## Work required
Return every line of the data below exactly, but do not include the images.

Given records Block Start

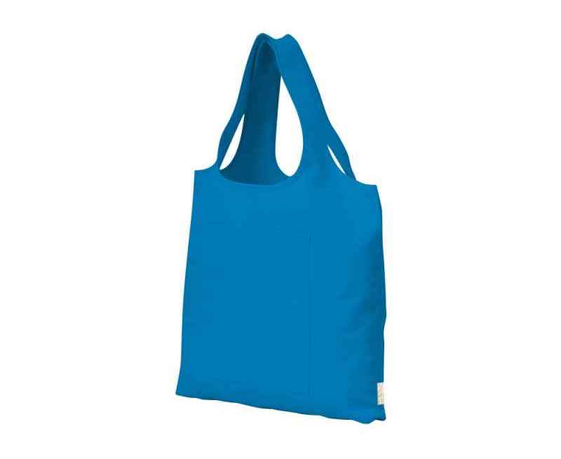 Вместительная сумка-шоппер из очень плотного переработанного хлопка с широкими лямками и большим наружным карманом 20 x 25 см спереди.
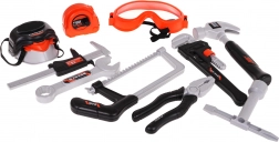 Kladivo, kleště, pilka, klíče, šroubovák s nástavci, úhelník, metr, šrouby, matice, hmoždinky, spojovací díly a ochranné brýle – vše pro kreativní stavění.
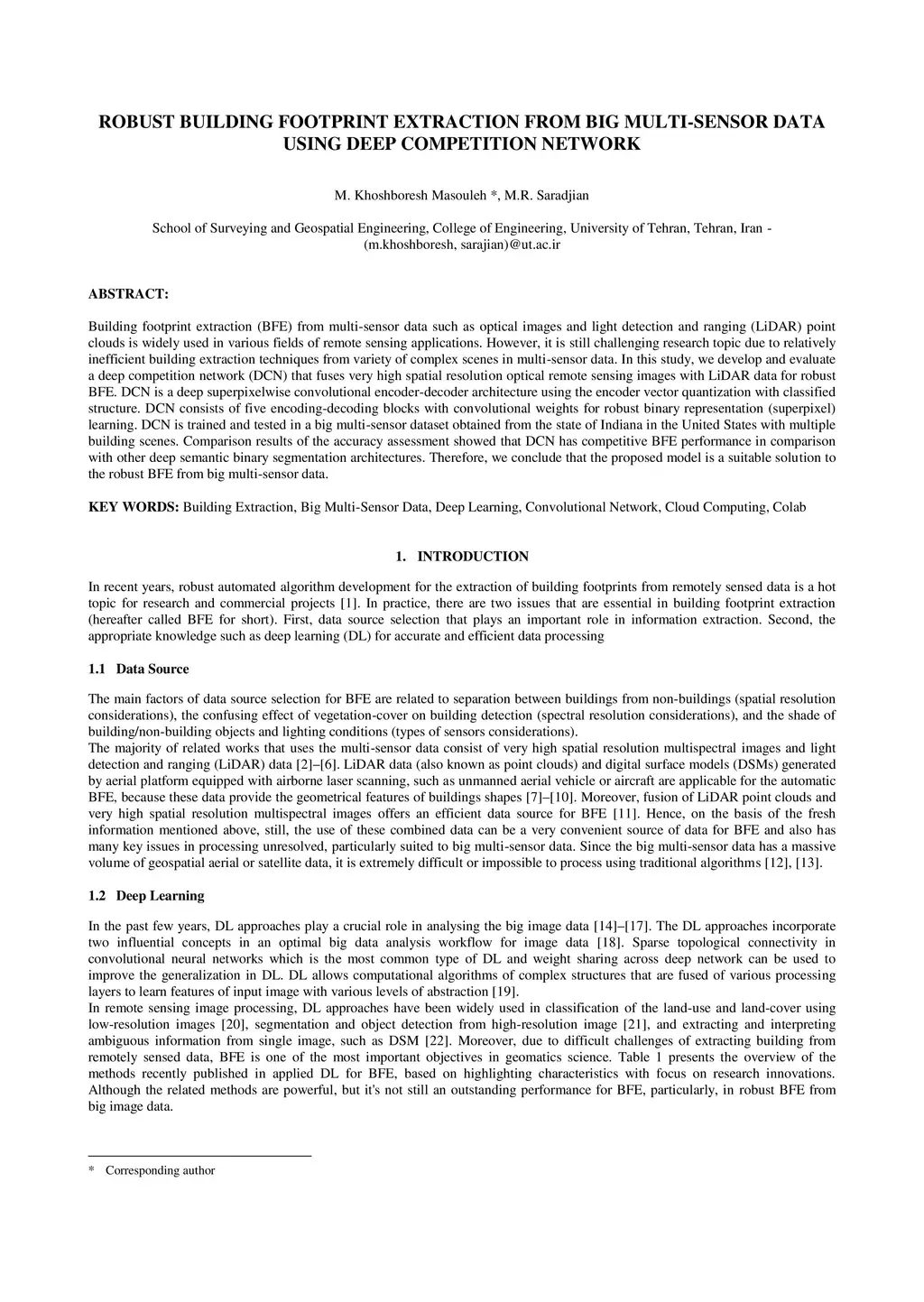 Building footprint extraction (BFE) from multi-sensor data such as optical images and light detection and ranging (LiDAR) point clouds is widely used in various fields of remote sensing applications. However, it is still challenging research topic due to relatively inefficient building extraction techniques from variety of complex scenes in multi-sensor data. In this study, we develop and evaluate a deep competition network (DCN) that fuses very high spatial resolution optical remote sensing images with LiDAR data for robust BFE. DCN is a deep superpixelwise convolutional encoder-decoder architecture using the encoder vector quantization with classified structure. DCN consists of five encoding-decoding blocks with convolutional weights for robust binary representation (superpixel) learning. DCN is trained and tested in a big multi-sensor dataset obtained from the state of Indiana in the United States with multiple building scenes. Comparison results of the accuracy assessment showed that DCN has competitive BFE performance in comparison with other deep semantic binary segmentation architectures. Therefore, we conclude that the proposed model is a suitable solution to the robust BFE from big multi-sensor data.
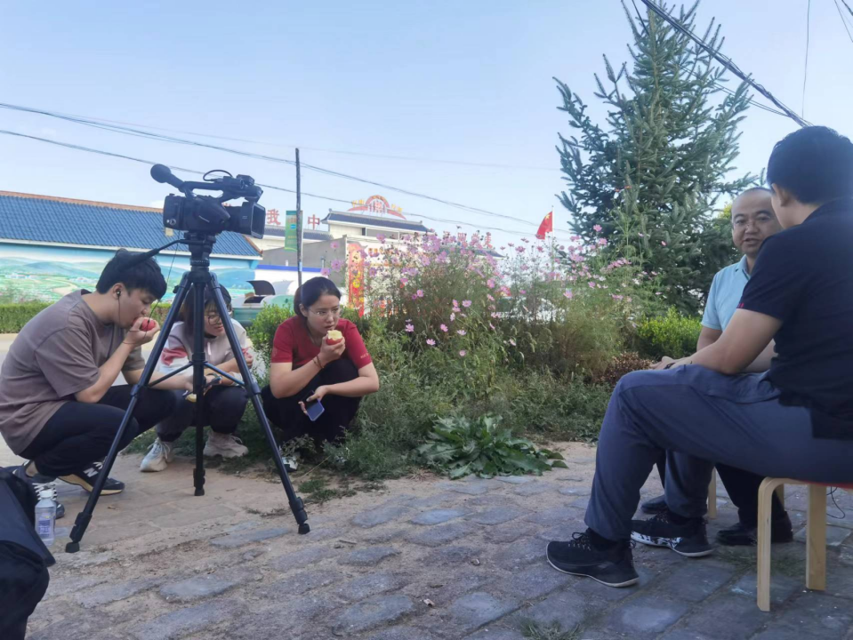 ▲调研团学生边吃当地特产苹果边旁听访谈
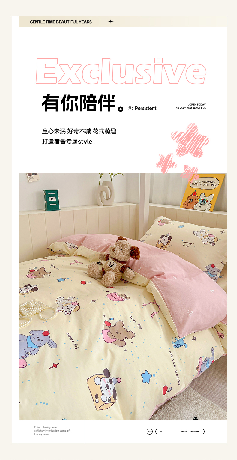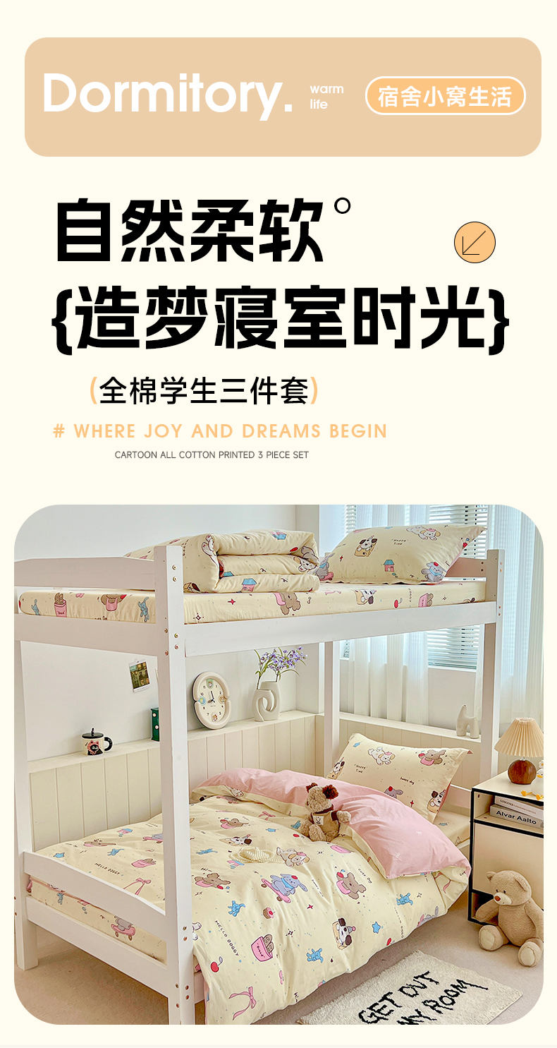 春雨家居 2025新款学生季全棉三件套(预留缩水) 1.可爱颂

Given records Block End

## Output below
 Вместительная сумка-шоппер из очень плотного переработанного хлопка с широкими лямками и большим наружным карманом 20 x 25 см спереди.
 Kladivo, kleště, pilka, klíče, šroubovák s nástavci, úhelník, metr, šrouby, matice, hmoždinky, spojovací díly a ochranné brýle – vše pro kreativní stavění.
 Building footprint extraction (BFE) from multi-sensor data such as optical images and light detection and ranging (LiDAR) point clouds is widely used in various fields of remote sensing applications. However, it is still challenging research topic due to relatively inefficient building extraction techniques from variety of complex scenes in multi-sensor data. In this study, we develop and evaluate a deep competition network (DCN) that fuses very high spatial resolution optical remote sensing images with LiDAR data for robust BFE. DCN is a deep superpixelwise convolutional encoder-decoder architecture using the encoder vector quantization with classified structure. DCN consists of five encoding-decoding blocks with convolutional weights for robust binary representation (superpixel) learning. DCN is trained and tested in a big multi-sensor dataset obtained from the state of Indiana in the United States with multiple building scenes. Comparison results of the accuracy assessment showed that DCN has competitive BFE performance in comparison with other deep semantic binary segmentation architectures. Therefore, we conclude that the proposed model is a suitable solution to the robust BFE from big multi-sensor data.
 ▲调研团学生边吃当地特产苹果边旁听访谈
 春雨家居 2025新款学生季全棉三件套(预留缩水) 1.可爱颂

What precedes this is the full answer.